◆ What you are asked to do: Word for word, restate the lines of the listing below from the line with "separation and wandering." through the line with "рождения знаменитейшего полотна Рафаэля", and do not include the pictures.

The records Start Marker

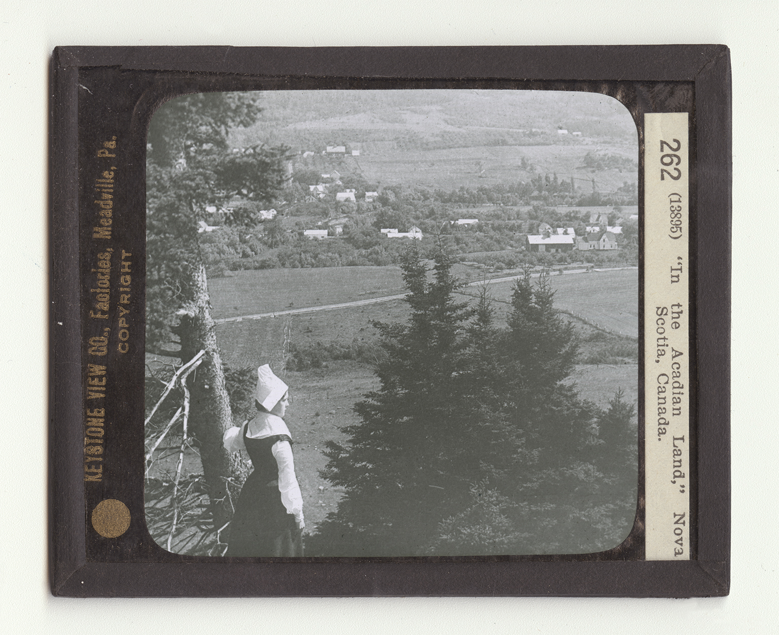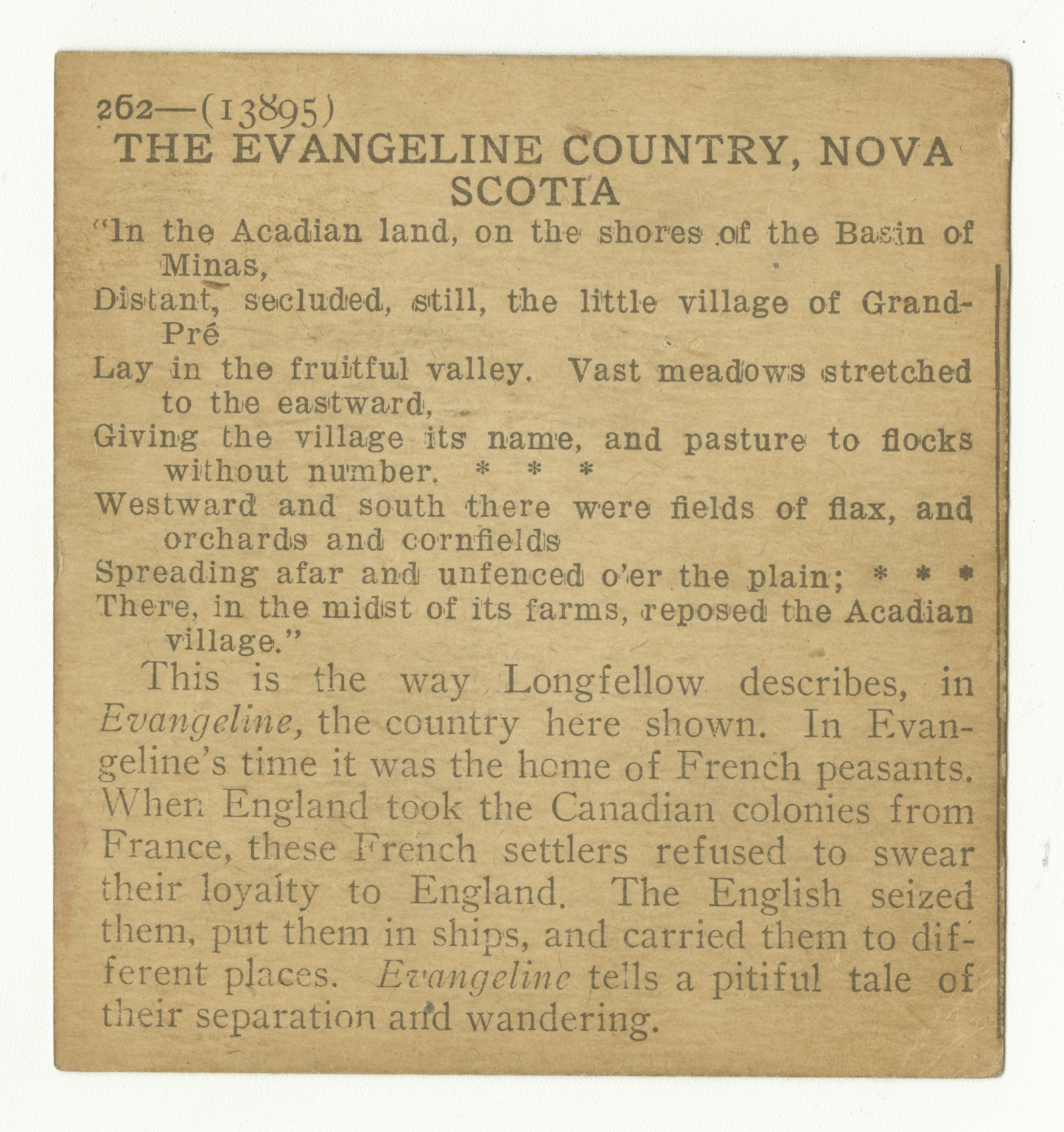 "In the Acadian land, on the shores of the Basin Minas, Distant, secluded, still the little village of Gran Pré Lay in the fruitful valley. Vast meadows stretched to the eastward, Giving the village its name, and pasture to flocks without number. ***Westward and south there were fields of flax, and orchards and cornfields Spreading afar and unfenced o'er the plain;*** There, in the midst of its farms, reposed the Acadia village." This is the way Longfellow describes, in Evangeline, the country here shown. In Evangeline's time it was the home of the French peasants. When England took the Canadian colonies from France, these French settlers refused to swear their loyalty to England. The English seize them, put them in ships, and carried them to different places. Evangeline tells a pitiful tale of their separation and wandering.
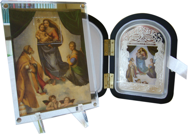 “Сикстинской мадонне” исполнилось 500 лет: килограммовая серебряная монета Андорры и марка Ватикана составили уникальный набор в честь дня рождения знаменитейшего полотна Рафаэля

The records End Marker
The records Start Marker

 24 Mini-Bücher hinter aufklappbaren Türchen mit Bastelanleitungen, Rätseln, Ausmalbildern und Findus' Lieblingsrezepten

The records End Marker
The records Start Marker

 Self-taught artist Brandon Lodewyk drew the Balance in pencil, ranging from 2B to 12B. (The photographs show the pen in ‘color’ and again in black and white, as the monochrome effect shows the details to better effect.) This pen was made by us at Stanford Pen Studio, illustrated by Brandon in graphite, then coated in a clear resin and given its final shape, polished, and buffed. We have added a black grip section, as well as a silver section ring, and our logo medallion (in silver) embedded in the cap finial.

The records End Marker

◆ Completed exercise:
 "In the Acadian land, on the shores of the Basin Minas, Distant, secluded, still the little village of Gran Pré Lay in the fruitful valley. Vast meadows stretched to the eastward, Giving the village its name, and pasture to flocks without number. ***Westward and south there were fields of flax, and orchards and cornfields Spreading afar and unfenced o'er the plain;*** There, in the midst of its farms, reposed the Acadia village." This is the way Longfellow describes, in Evangeline, the country here shown. In Evangeline's time it was the home of the French peasants. When England took the Canadian colonies from France, these French settlers refused to swear their loyalty to England. The English seize them, put them in ships, and carried them to different places. Evangeline tells a pitiful tale of their separation and wandering.
 “Сикстинской мадонне” исполнилось 500 лет: килограммовая серебряная монета Андорры и марка Ватикана составили уникальный набор в честь дня рождения знаменитейшего полотна Рафаэля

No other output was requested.